BEGIN The data

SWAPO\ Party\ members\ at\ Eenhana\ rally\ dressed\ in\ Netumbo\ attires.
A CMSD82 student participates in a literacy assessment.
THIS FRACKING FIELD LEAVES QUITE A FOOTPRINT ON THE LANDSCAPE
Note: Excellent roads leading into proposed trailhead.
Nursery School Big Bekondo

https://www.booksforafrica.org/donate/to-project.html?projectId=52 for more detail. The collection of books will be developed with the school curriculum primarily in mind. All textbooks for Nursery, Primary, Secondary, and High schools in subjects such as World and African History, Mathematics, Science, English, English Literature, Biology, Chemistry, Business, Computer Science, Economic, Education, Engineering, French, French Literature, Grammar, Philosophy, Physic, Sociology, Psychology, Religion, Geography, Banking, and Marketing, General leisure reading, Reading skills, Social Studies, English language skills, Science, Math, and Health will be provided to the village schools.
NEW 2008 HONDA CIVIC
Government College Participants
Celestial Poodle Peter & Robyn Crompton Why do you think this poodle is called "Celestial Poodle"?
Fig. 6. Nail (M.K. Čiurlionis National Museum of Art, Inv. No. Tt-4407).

END The data
BEGIN The data

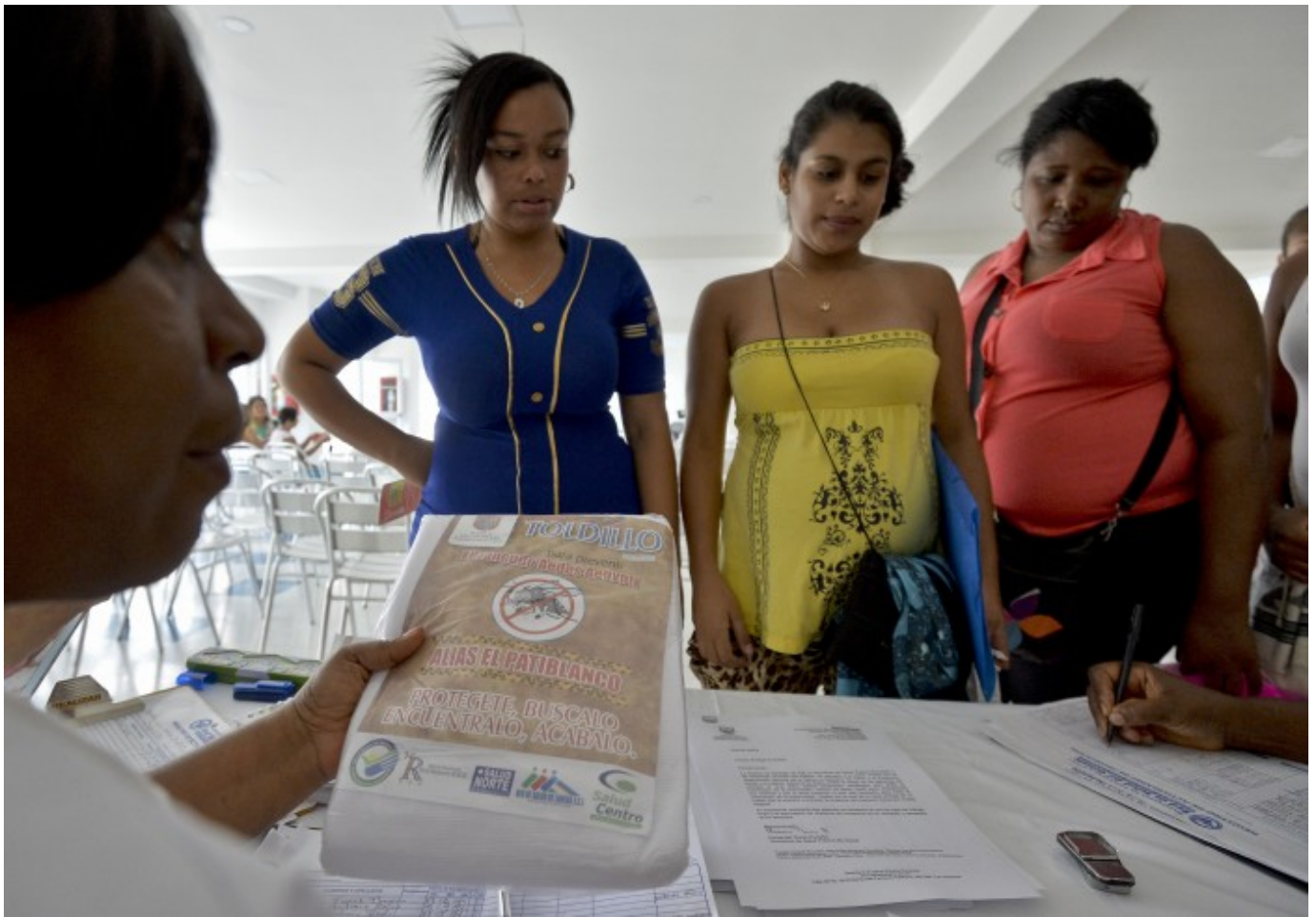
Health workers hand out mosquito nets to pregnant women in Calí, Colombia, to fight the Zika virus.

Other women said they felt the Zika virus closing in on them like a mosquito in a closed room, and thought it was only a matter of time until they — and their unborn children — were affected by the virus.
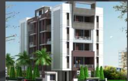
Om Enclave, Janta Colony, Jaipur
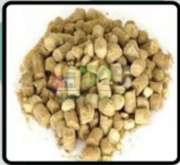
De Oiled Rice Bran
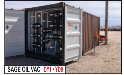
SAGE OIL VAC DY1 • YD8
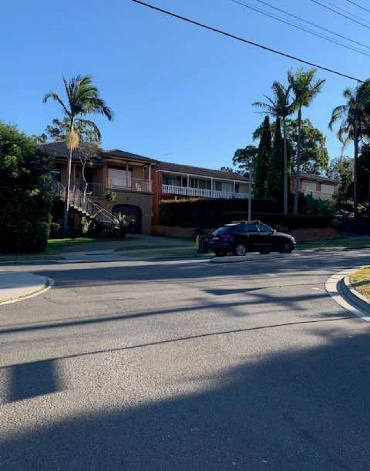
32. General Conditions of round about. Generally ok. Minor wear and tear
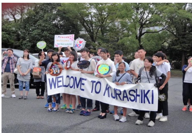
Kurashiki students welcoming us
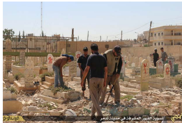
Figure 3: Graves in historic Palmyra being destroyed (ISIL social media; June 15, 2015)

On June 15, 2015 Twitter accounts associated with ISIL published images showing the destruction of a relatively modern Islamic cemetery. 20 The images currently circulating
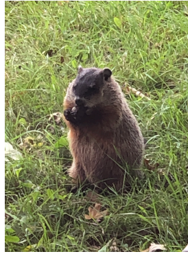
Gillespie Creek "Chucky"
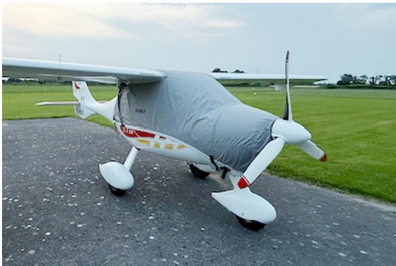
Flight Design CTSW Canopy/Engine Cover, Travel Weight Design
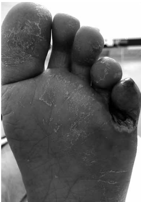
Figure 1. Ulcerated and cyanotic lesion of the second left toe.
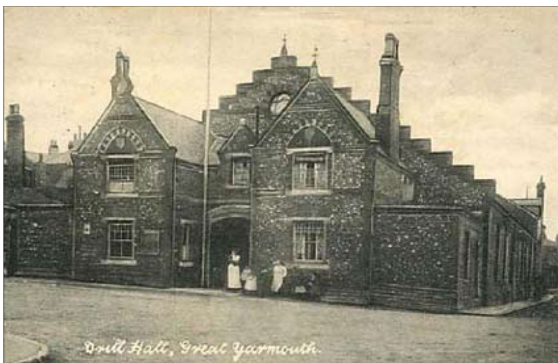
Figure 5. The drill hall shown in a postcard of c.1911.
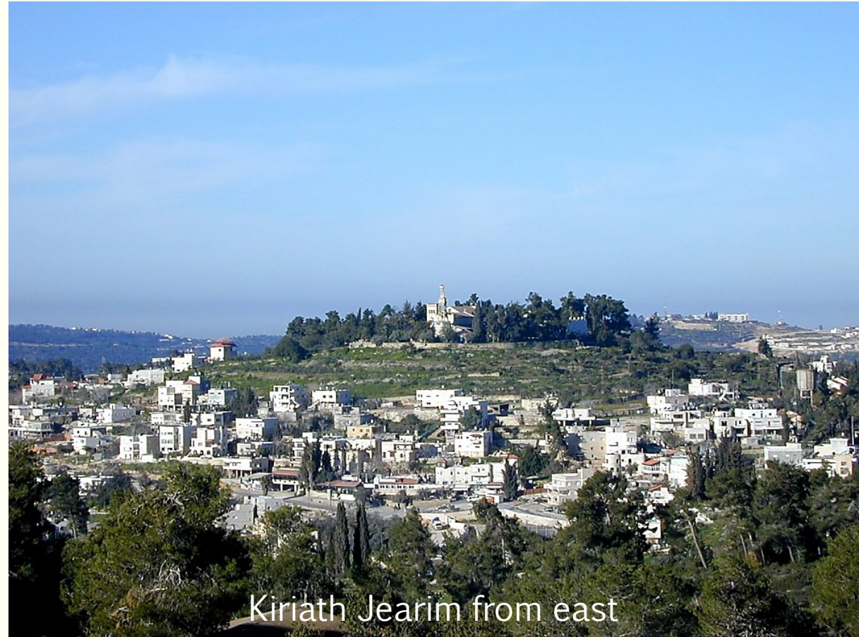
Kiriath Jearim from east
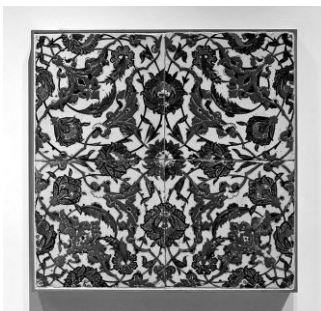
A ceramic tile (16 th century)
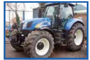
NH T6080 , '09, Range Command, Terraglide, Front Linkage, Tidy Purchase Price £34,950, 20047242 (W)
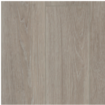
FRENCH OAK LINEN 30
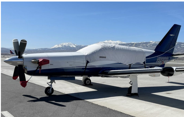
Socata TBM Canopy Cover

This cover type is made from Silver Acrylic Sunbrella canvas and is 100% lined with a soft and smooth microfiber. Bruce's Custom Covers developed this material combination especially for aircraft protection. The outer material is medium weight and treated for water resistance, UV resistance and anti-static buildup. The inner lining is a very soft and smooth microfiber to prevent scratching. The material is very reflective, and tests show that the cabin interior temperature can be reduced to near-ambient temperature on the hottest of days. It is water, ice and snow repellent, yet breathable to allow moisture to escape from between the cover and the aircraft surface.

END The data

Prompt |
Look through the listing and return each line containing the word "June".

Answer |
Figure 3: Graves in historic Palmyra being destroyed (ISIL social media; June 15, 2015)
On June 15, 2015 Twitter accounts associated with ISIL published images showing the destruction of a relatively modern Islamic cemetery. 20 The images currently circulating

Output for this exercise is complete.